Aim of the task —
Among the entries below, retype exactly the lines starting with the one with "México DF. Que" and going on through the one with "Рис. 2. Роботи представників поп-арту.", but not the pictures.

---------- Extracted data

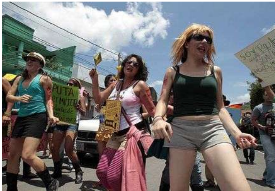
"La marcha de las putas" en Nicaragua.

México DF. Que mujeres víctimas de violencia sexual tengan acceso integral a los servicios de salud, los cuales deben incluir anticoncepción de emergencia e interrupción legal del embarazo, así como promover la denuncia y las sanciones administrativas, civiles y penales en contra de servidores públicos que cometan violencia de género institucional, fueron algunas de las exigencias que se dejaron escuchar la tarde de ayer durante la Marcha de las Putas.
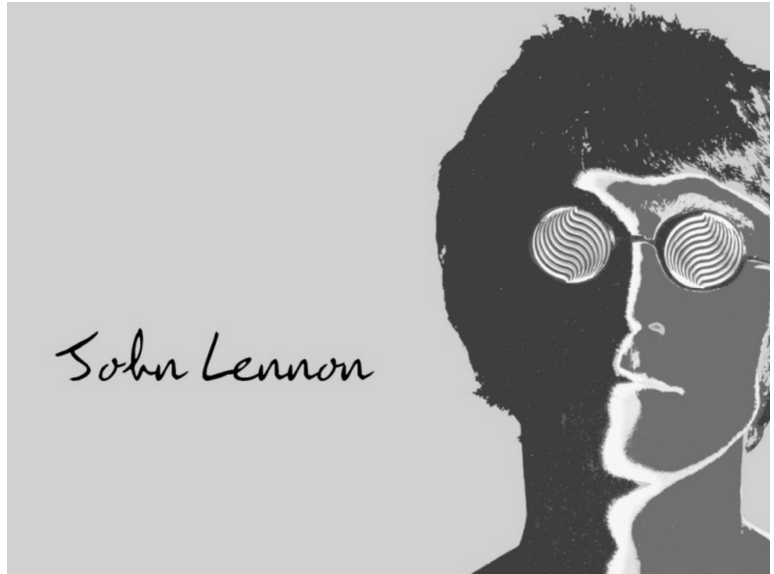
Рис. 2. Роботи представників поп-арту.

Стріт-арт (англ. street – вулиця) - один з найвпливовіших напрямів андеграунду з часів панку. Це нова форма мистецтва, що виросла з графіті сплавленого з мінімал-артом, колажем, асамбляжем, флюксусом, концептуальним мистецтвом. Стріт-арт - мистецтво нового покоління, що використовує наклейки, трафарети, плакати, просторові асамбляжі та інсталяції, соціоскульптуру та «нео-редімейд» (нові «готові речі») з метою залишити згадку про себе будь-якими засобами. Головним для творців стріт-арту є реакція публіки на недовговічні твори, а не слава і не гроші. Імена та прізвиська діячів «вуличної культури», шедеври якої створюються на межі закону переважно вночі на найкращих стінах будинків міст світу, стали відомі завдяки документальному фільму «Вихід крізь сувенірну лавку» Т.Гуети (пізніше відомого як MBW – «містер мозкоправ») під редакцією провокатору і «робін гуду» стріт-арту Бенксі. Серед них Space Invader (космічний захватчик), що створює твори про космічних прибульців із мозаїки; Monsieur Andre (мсьє Анрі), який зображує історію життя мультяшного персонажу – обличчя; Zeus створює галерею під відкритим небом, домальовуючи тіні на асфальті від різних речей; Шепард Ері, завдяки експериментам із повторюючимися зображеннями котрого уявна влада образу перетворюється в справжню; художниця Swoon, що обирає стіни для розпису помацавши їх, враховуючи текстуру (Рис. 3).
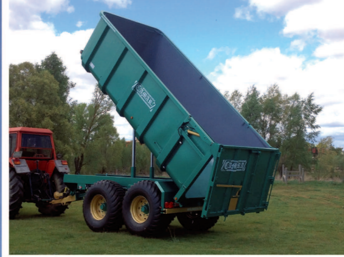
Puerta hidráulica y automática Door with double opening feature: hydraulic and automatic. Porte hydraulique et automatique

--------------------

Written response —
México DF. Que mujeres víctimas de violencia sexual tengan acceso integral a los servicios de salud, los cuales deben incluir anticoncepción de emergencia e interrupción legal del embarazo, así como promover la denuncia y las sanciones administrativas, civiles y penales en contra de servidores públicos que cometan violencia de género institucional, fueron algunas de las exigencias que se dejaron escuchar la tarde de ayer durante la Marcha de las Putas.
Рис. 2. Роботи представників поп-арту.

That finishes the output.